▶ [Exercise description]
Restate word for word the section of the entries that opens at the line containing "Le référént-suret a" and closes at the line containing "Sopro DF 10®", both lines kept, pictures dropped.

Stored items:
* * *

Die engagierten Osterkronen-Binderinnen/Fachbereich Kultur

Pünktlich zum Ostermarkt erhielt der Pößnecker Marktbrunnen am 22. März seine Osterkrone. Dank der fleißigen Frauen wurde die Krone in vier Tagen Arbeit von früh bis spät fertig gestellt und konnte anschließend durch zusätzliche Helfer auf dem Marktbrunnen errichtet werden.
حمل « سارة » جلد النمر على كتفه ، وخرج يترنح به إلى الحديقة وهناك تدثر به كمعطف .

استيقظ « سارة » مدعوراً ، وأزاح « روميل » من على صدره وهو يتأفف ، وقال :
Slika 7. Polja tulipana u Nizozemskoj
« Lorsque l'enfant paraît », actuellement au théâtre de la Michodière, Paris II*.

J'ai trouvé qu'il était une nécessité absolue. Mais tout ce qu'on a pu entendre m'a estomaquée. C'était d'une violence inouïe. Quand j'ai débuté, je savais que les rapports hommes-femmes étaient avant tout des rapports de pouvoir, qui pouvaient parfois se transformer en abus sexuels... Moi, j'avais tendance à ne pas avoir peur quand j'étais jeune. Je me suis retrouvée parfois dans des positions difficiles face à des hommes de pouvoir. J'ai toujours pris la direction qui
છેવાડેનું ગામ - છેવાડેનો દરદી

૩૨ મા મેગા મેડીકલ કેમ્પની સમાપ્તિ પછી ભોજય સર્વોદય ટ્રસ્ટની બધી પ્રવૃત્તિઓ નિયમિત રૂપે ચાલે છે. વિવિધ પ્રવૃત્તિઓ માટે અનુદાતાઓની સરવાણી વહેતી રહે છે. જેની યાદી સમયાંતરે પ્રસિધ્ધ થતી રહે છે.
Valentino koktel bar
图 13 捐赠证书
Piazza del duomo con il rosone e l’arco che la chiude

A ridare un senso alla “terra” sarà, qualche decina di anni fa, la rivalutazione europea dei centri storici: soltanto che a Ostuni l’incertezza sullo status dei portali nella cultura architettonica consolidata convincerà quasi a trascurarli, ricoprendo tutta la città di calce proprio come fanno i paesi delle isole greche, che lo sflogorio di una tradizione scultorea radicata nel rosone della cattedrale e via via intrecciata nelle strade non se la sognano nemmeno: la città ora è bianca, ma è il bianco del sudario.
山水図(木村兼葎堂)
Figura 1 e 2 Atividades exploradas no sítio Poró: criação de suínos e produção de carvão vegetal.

* * *

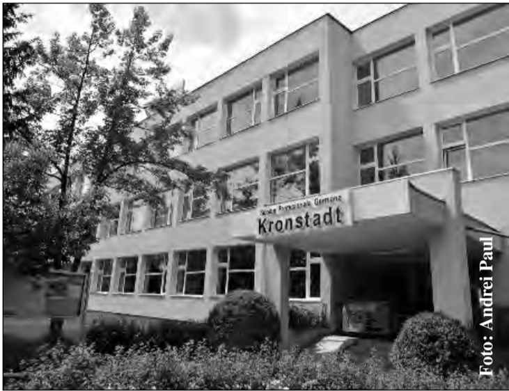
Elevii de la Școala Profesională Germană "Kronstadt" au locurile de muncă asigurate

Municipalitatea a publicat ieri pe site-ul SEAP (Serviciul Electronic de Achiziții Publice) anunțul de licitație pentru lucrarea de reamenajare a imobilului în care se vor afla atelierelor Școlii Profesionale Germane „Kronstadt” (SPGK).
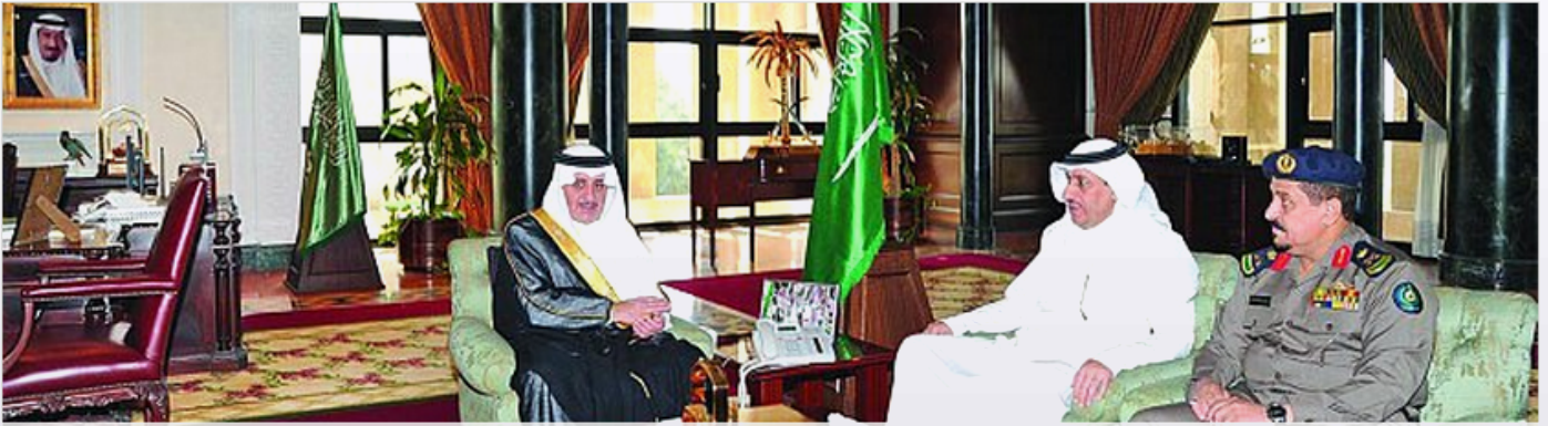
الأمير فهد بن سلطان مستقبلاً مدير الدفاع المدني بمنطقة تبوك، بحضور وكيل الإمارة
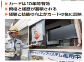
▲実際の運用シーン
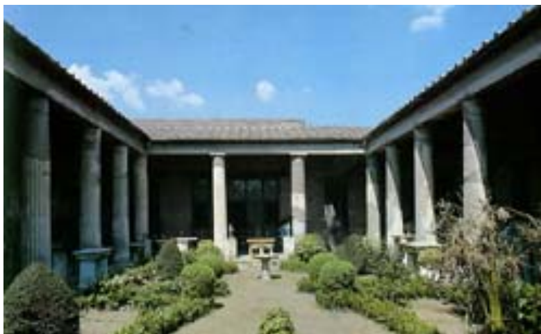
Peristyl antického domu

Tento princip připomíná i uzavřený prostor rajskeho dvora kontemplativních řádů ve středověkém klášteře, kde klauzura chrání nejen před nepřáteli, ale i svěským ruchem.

* * *

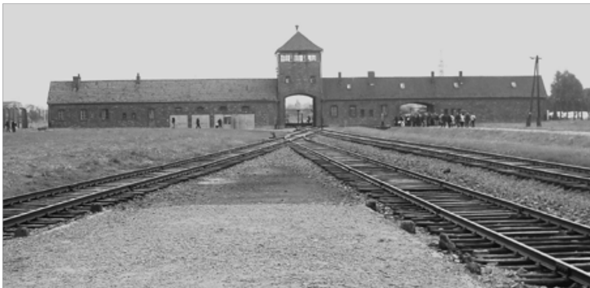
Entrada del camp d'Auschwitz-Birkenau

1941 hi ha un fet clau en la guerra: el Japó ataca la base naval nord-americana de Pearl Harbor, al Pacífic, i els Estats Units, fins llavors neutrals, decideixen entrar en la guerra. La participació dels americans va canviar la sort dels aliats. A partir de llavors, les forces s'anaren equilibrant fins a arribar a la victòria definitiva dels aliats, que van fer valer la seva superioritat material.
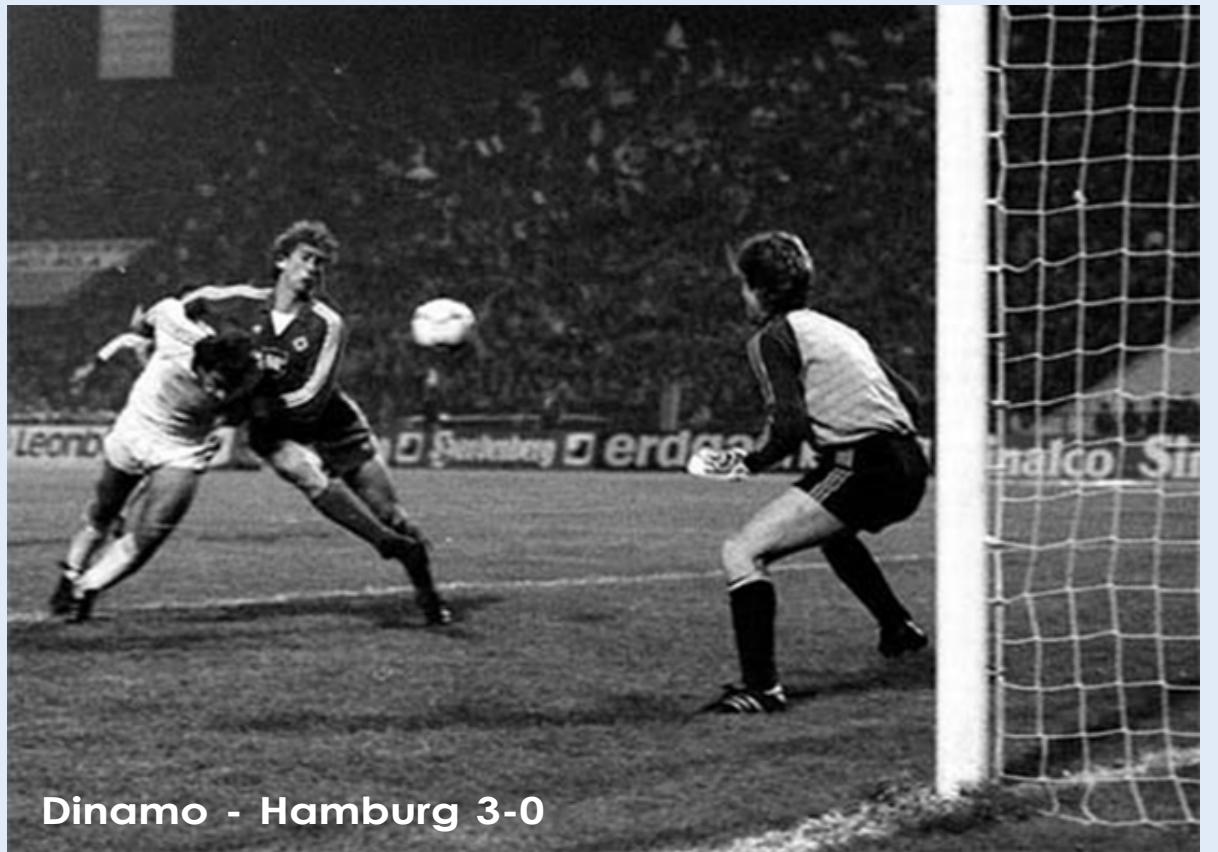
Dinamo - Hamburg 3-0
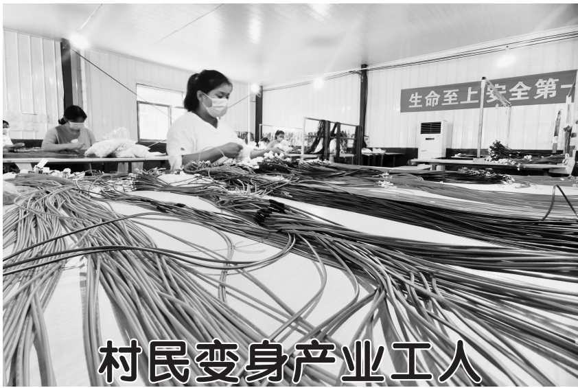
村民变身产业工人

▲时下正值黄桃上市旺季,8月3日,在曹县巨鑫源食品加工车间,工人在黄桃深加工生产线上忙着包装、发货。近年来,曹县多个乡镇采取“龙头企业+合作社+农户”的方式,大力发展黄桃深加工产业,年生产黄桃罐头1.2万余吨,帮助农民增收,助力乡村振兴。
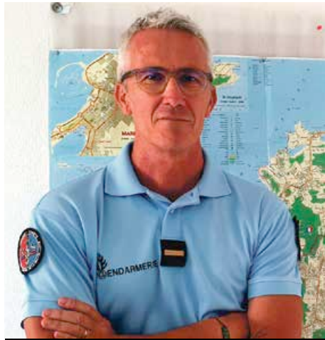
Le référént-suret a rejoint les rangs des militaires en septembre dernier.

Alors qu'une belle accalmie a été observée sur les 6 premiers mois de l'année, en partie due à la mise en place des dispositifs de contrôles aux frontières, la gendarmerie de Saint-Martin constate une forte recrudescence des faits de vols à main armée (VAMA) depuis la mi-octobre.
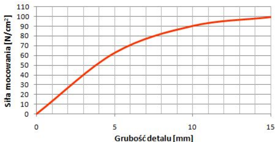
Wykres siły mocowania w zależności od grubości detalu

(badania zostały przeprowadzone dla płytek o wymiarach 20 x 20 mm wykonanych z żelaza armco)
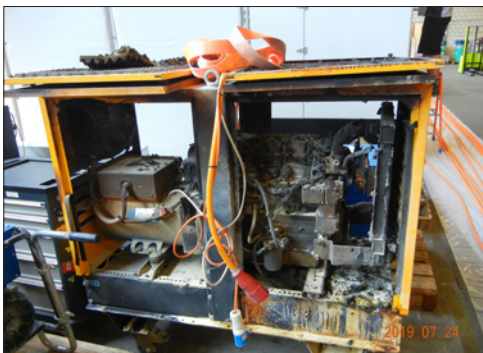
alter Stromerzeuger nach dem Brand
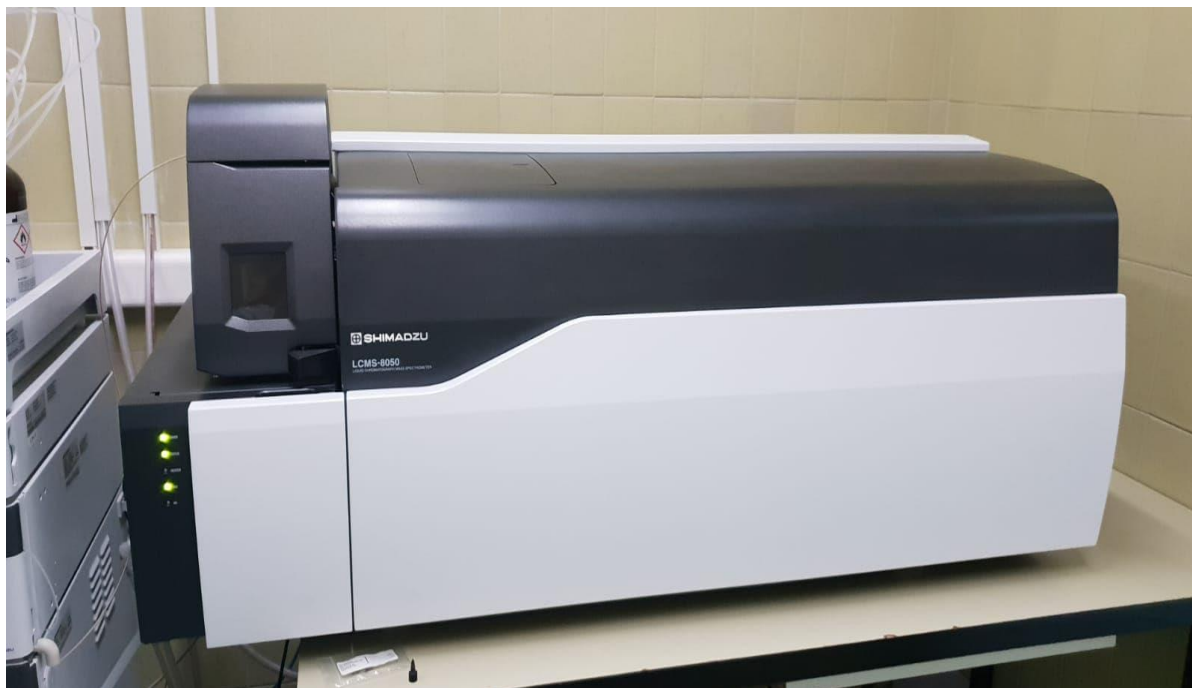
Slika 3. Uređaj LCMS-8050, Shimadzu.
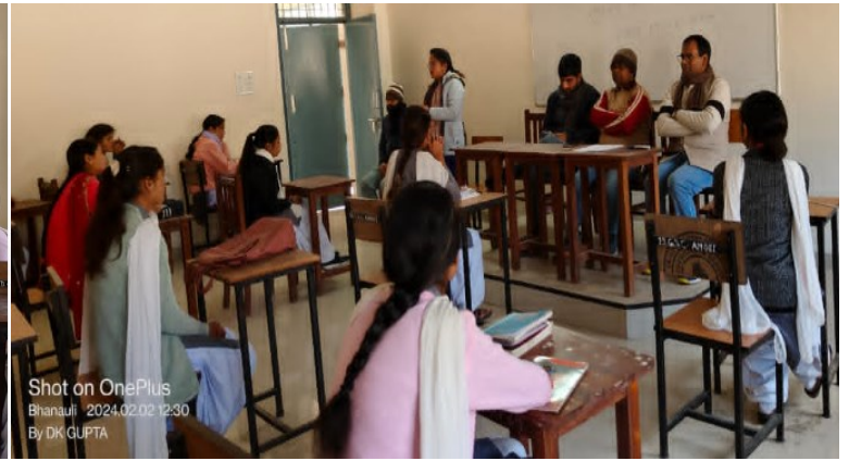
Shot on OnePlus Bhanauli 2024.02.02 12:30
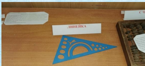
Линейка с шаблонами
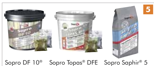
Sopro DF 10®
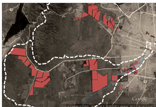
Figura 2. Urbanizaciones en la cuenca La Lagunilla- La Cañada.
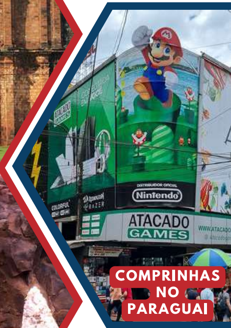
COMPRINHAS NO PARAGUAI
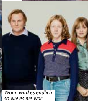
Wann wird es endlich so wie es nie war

* * *

▶ [Response to the task]
Le référént-suret a rejoint les rangs des militaires en septembre dernier.

Alors qu'une belle accalmie a été observée sur les 6 premiers mois de l'année, en partie due à la mise en place des dispositifs de contrôles aux frontières, la gendarmerie de Saint-Martin constate une forte recrudescence des faits de vols à main armée (VAMA) depuis la mi-octobre.
Wykres siły mocowania w zależności od grubości detalu

(badania zostały przeprowadzone dla płytek o wymiarach 20 x 20 mm wykonanych z żelaza armco)
alter Stromerzeuger nach dem Brand
Slika 3. Uređaj LCMS-8050, Shimadzu.
Shot on OnePlus Bhanauli 2024.02.02 12:30
Линейка с шаблонами
Sopro DF 10®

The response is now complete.